## WORK ORDER
Without the pictures, give the records again exactly as they appear.

Stored dataset items:
┄┄┄┄┄┄┄┄┄┄┄┄┄┄┄┄┄┄┄┄
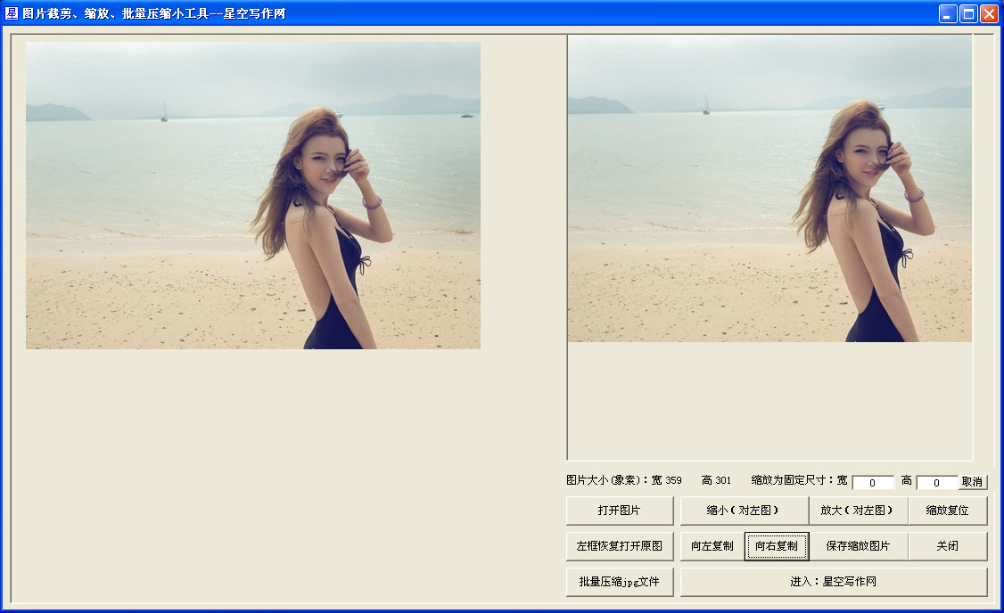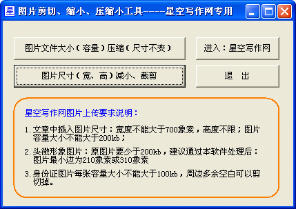星空图片处理软件为您提供图片剪切、缩小、压缩等功能,让你可以快捷方便的对图片进行处理,操作简单,绿色免费,非常方便实用。
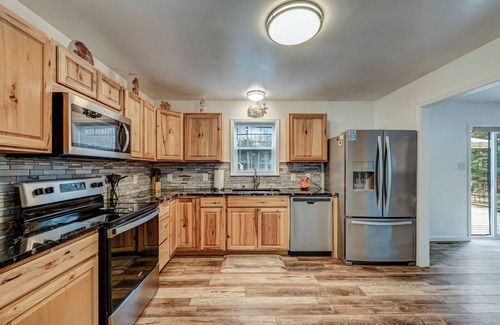 Experience Albrightsville like a local in this 3-bedroom house. The back deck is well equiped for your entertainment needs. Including two outdoor tables, fire pit, hot tub, barbeque grill and porch swing. With 2 queen beds and 1 bunk bed, this fantastic property offers a cozy retreat for your stay. Enjoy the convenience of amenities like WiFi, on site laundry, and AC. Plus, there's an additional living room space with a sofa bed for extra relaxation. It's easy to see why you'll be able to unwind.
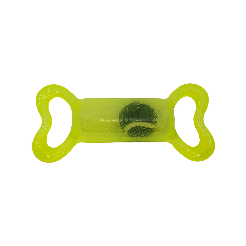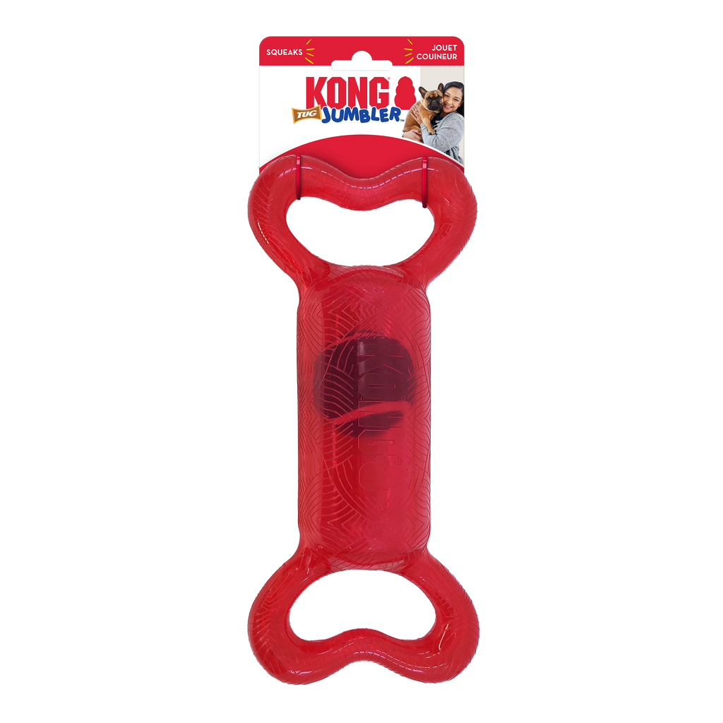 KONG Jumbler Tug Bone’s rolling interior tennis ball and loud squeak spark tug-and-fetch fun. This durable toy is built to last through tough play with two handles that make tugging and shaking easy for long-lasting rounds of interactive play.
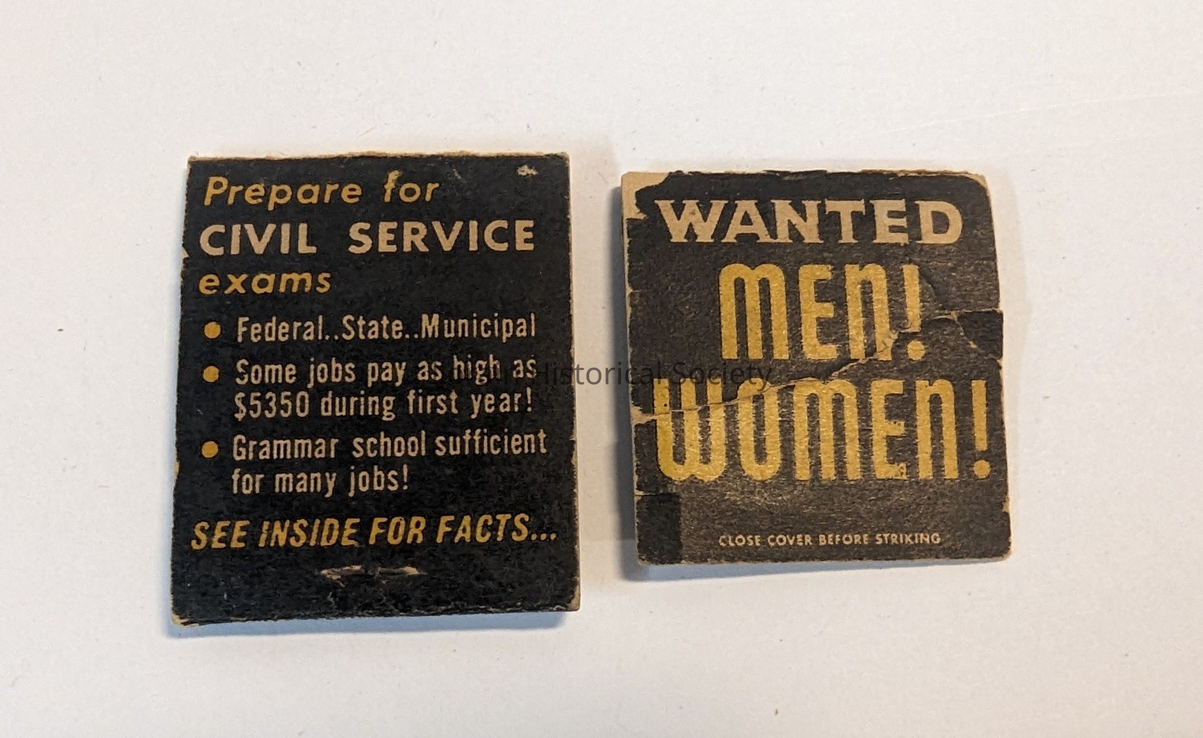 Match folder "Wanted Men! Women!" Send for information "Civil Service Positions and Salaries."Collection
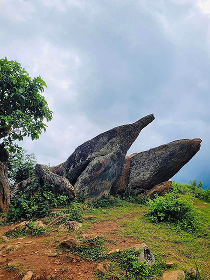 | Mỏm Cá Heo is a distinctive natural rock formation located in Tà Xùa commune, Bắc Yên district, Sơn La province, Vietnam. It features two large rock slabs resembling the shape of a dolphin's head swimming amidst a sea of clouds. The rocks are covered in patches of moss, creating a wild and pristine beauty that harmonizes with the majestic surrounding landscape of Tà Xùa. | |
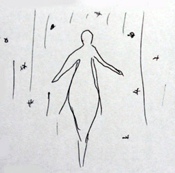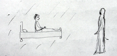 私は両親と一緒にいて、車の外に出ていました。私の母が父の腕に支えれれて地面 に横たわっていました。彼女には死が近づいていました。事故にあったのではなく、 病気なのでしょう。私は5歳ぐらいの少女で水色の肌で、少し離れたところでそれを 静かに見ていました。
┄┄┄┄┄┄┄┄┄┄┄┄┄┄┄┄┄┄┄┄
## RESPONSE TO THIS EXERCISE
星空图片处理软件为您提供图片剪切、缩小、压缩等功能,让你可以快捷方便的对图片进行处理,操作简单,绿色免费,非常方便实用。
 Experience Albrightsville like a local in this 3-bedroom house. The back deck is well equiped for your entertainment needs. Including two outdoor tables, fire pit, hot tub, barbeque grill and porch swing. With 2 queen beds and 1 bunk bed, this fantastic property offers a cozy retreat for your stay. Enjoy the convenience of amenities like WiFi, on site laundry, and AC. Plus, there's an additional living room space with a sofa bed for extra relaxation. It's easy to see why you'll be able to unwind.
 KONG Jumbler Tug Bone’s rolling interior tennis ball and loud squeak spark tug-and-fetch fun. This durable toy is built to last through tough play with two handles that make tugging and shaking easy for long-lasting rounds of interactive play.
 Match folder "Wanted Men! Women!" Send for information "Civil Service Positions and Salaries."Collection
 | Mỏm Cá Heo is a distinctive natural rock formation located in Tà Xùa commune, Bắc Yên district, Sơn La province, Vietnam. It features two large rock slabs resembling the shape of a dolphin's head swimming amidst a sea of clouds. The rocks are covered in patches of moss, creating a wild and pristine beauty that harmonizes with the majestic surrounding landscape of Tà Xùa. | |
 私は両親と一緒にいて、車の外に出ていました。私の母が父の腕に支えれれて地面 に横たわっていました。彼女には死が近づいていました。事故にあったのではなく、 病気なのでしょう。私は5歳ぐらいの少女で水色の肌で、少し離れたところでそれを 静かに見ていました。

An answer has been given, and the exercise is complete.